Negative perception of Vodou
Vodou, which was until recently, pejoratively, and inaccurately spelled as “voodoo” has been misrepresented and misunderstood across the region and the world. The portrayal of Vodou as inauthentic has prompted politicians and public commentators in Guyana to describe any negative events as influenced by “voodoo.” This tendency, probably unintentional, reflects a deep-seated pattern of anti-blackness reminiscent of Haiti’s historical treatment. Pat Robertson, the late prominent US evangelical figure claimed that the Haiti earthquake disaster of 2010 was a result of a historical “pact with the devil.” This statement was widely criticised for its insensitivity and hostility, reflecting a deep-seated mischaracterization of Haitian history and culture, particularly the role of Vodou as a religion deeply embedded in the struggle for Haitian freedom and identity.
UN ‘relief’ and tragedy
Peter Hallward, in a detailed examination of the criminal fiasco of international aid to Haiti, stated, “One of the most striking features of the relief effort was the almost automatic decision of the ‘international community’ to work through their own agencies and NGOs, rather than the Haitian state or grassroots popular organisations. For every dollar of US aid to Haiti in the first weeks after the disaster, only a single penny was received by the Haitian government. Six months on, of the US$1.8 billion for earthquake relief sent to Haiti…’less than 2.9% has so far gone to the government.’… Haiti’s president René Préval and his ministers began to complain more loudly about the way foreign governments and NGOs had taken control of the relief and reconstruction effort.” Finally, Préval “called on the United States to ‘stop sending food aid’ to Haiti ‘so that our economy can recover and create jobs.’”
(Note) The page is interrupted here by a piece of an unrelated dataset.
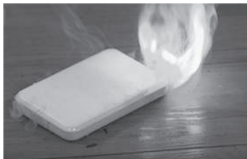
水没したバッテリーが突然発火した写真

作業中などで水に水没させた場合、内側に水がしみ込み、異常が生じ、通電時などに内部でショートして発火する場合があります。
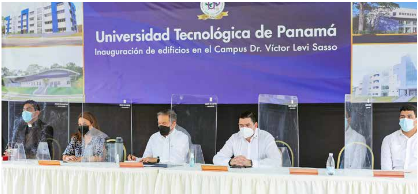
Este centro del conocimiento, que figura entre las mil mejores universidades del mundo, según QS World University Rankings, cumple 40 años de fundación.

Outsourcing Haitian security
The recent decision to deploy Kenyan police to Haiti, currently stalled due to opposition from Kenya, underscores a broader trend of external entities influencing domestic security strategies—a method that eerily echoes colonial-era practices of outsourcing control to maintain influence while sidestepping direct accountability. This approach not only raises serious questions about national sovereignty but also casts doubt on the long-term effectiveness of such security interventions. Similarly, the UK’s controversial initiative to relocate detained refugees to Rwanda is a modern reflection of these age-old tactics, suggesting a persistent reliance on outsourcing as a means of dealing with complex issues at arm’s length.
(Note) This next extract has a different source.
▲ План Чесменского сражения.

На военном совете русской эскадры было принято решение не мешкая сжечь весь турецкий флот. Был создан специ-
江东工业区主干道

Haiti’s own tumultuous history, rife with foreign interventions that have often worked against its interests, urgently necessitates a critical reassessment of its position on the global stage. Instead of being perpetually cast in the role of a victim of tragedy, it is high time that Haiti’s enduring struggle for freedom and self-determination is recognised and supported. The resilience and historical legacy of the Haitian people offer hopes for overcoming current challenges. By embracing these strengths, Haiti can work towards reclaiming its sovereignty and revitalising its economy, demonstrating to the world and to its Caricom neighbours the true potential of its 12 million-strong population.